Clinical trial data from Array BioPharma's binimetinib and encorafenib presented at ECC 2015

Clinical trial results from Array BioPharma's (Nasdaq: ARRY) wholly-owned MEK inhibitor, binimetinib, and BRAF inhibitor, encorafenib, were presented this weekend at the European Society of Medical Oncology's (ESMO) annual European Cancer Conference (ECC). At the meeting, preliminary data were shared from both a Phase 2 combination trial of binimetinib and encorafenib in BRAF-mutant melanoma patients (LOGIC2) and a Phase 1b/2 combination trial of binimetinib and ribociclib (Novartis, LEE011), a CDK4/6 inhibitor in NRAS-mutant melanoma patients.

Array will hold a conference call to discuss these results and preliminary results from a colorectal cancer trial on Monday, September 28, 2015. Ron Squarer, Chief Executive Officer, and Victor Sandor, M.D., Chief Medical Officer, will lead the call.

BRAF-mutant Melanoma Preliminary Results

LOGIC2 is an ongoing 140-patient, two-part study designed to explore the safety and activity of novel triplet combinations in BRAF-mutant melanoma. In part 1, patients are treated with the combination of binimetinib and encorafenib until disease progression. Based on the results of molecular profiling at that time, each patient is assigned to one of four arms containing a triplet combination of binimetinib, encorafenib and a third targeted therapy. Results from part 1 of the study are reported separately for patients who have previously received a BRAF and/or MEK inhibitor versus those who were initially naive to BRAF and MEK inhibitor treatment.

In part 1, patients are treated with binimetinib 45 mg twice daily (BID) and encorafenib 450 mg once daily (QD), the same doses evaluated in the ongoing Phase 3 COLUMBUS trial. In the BRAF/MEK-naive group (n=40), the interim overall response rate (confirmed and unconfirmed complete response or partial response) was 68%, with a 6-month progression-free survival estimate of 79%. Of note, 96% of patients in this group continued to receive study treatment as of the data cutoff. Preliminary data from all patients in the study (n=89) also indicate that the combination of binimetinib and encorafenib showed good tolerability with a 12% incidence of pyrexia and little to no rash or photosensitivity. These results indicate that the combination of binimetinib and encorafenib show encouraging clinical activity and an emerging differentiated tolerability profile relative to other MEK/BRAF inhibitor combinations.

"MEK and BRAF combination therapy is now established as the optimal molecularly targeted approach for BRAF mutant melanoma patients," said Reinhard Dummer, M.D., investigator, University Hospital Zurich. "In this study, the combination of encorafenib and binimetinib demonstrated robust clinical activity, consistent with results from other BRAF/MEK inhibitor combinations, but with a potentially improved and differentiated safety profile."

NRAS-mutant Melanoma Interim Results

A Phase 1b/2 study of binimetinib in combination with ribociclib showed promising preliminary antitumor activity in NRAS-mutant melanoma patients. Results were shared from 45 patients enrolled in the dose escalation portion of the study, which included two dosing schedules (28-day or 21-day cycles). For the 28-day dosing schedule, patients received continuous twice daily dosing of binimetinib while receiving ribociclib for 21 days per 28 day cycle. For the 21-day schedule, both agents were delivered for 14 days of a 21 day cycle.

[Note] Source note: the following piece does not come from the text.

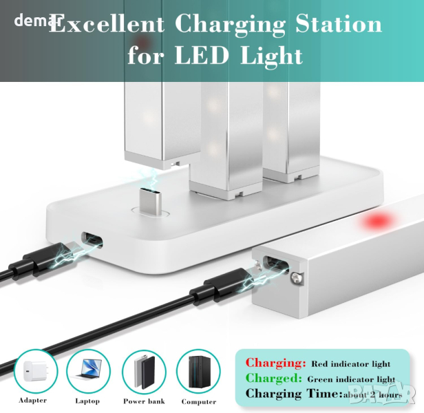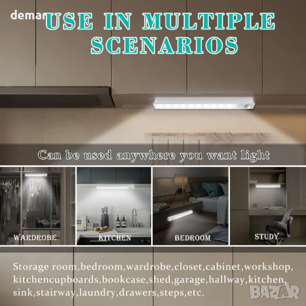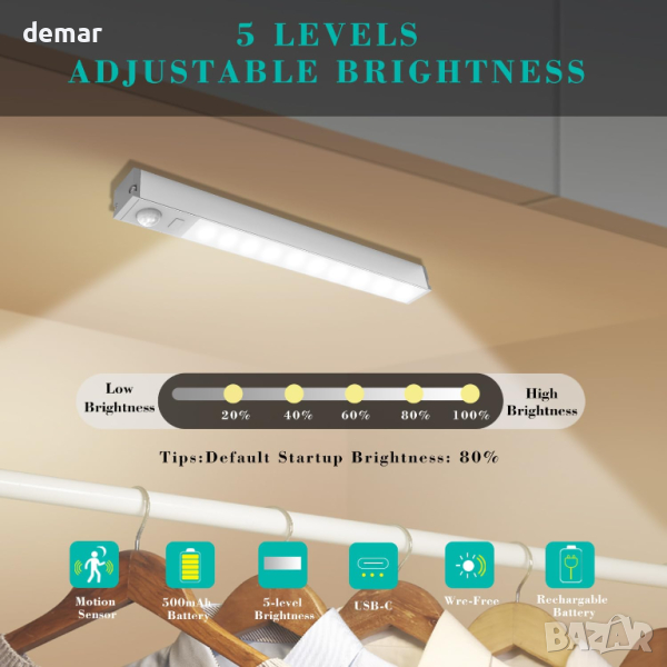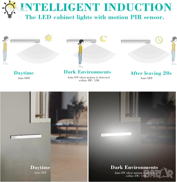 Кухненско осветление под шкаф със сензор, включващо 10 светодиода с пет регулируеми нива на яркост (20%-100%), осигуряващи персонализирано осветление за различни сценарии. Оборудван с възможности за засичане на движение и нощ, той се активира незабавно в обхват от 4 метра и ъгъл от 120°, като автоматично се изключва след 20 секунди бездействие. В допълнение, разполагате с 3-портова зарядна станция за трите лампи. Акумулаторната батерия, издържаща до 1-2 месеца в сензорен режим. Инсталирането е безпроблемно с вградени магнити или залепващи метални пластини, подходящи за различни приложения като спални, килери, работилници и извънредни ситуации на открито, осигурявайки удобни решения за осветление без необходимост от електрически контакти.
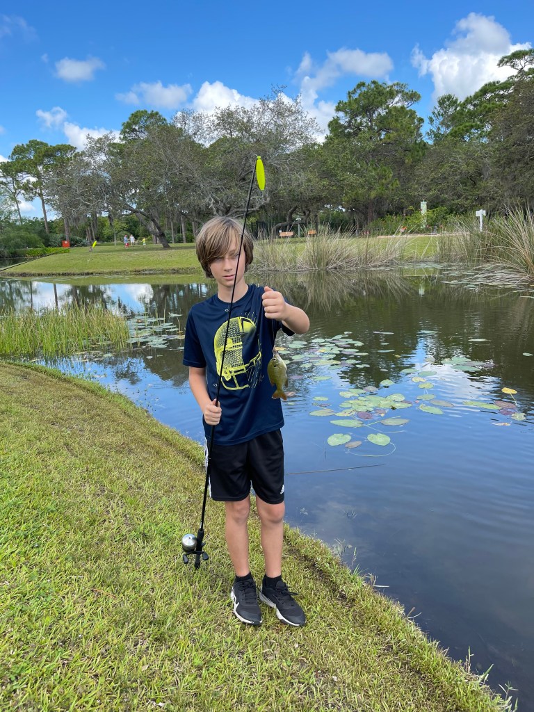 We continued fishing until 11:00 am, at which point we gathered the families to provide them with a delicious bagged lunch, graciously provided by Synergy Magnet School. Around 11:25 am, we organized a trash cleanup activity for the children. As a small token of appreciation, we awarded Publix sports bottles to two children who collected the most trash. I also had two additional bottles to give away, so I engaged the kids in a trivia game, with the first two to answer correctly winning the remaining bottles.

For patients receiving the combination on a 28-day cycle (n=22), the Objective Response Rate (ORR, confirmed and unconfirmed complete or partial responses) was 41%, the Disease Control Rate (DCR, confirmed and unconfirmed complete or partial responses and stable disease) was 82% with a median Progression Free Survival (mPFS) of 6.7 months. Furthermore, the ORR was 56% (n=9) for patients receiving dose level 1 of the 28-day schedule consisting of binimetinib 45 mg BID and the lowest dose of ribociclib (200 mg QD), indicating that robust activity can be achieved with this dose and schedule. Common treatment-related adverse events included elevated creatine phosphokinase (CPK), skin and gastrointestinal events. Investigation of an alternative 21-day schedule is ongoing.

"Among metastatic melanoma patients, the presence of an NRAS-mutation is a predictor of poor prognosis, and for this subgroup of patients, there are currently no approved targeted therapies," said Carla van Herpen, M.D., Ph.D., Radboud University Medical Center, Nijmegen, The Netherlands. "Simultaneous inhibition of MEK and CDK4/6 protein kinases could suppress the activation of two major signaling pathways associated with NRAS mutations and may provide additive, or synergistic, activity versus single-agent therapy."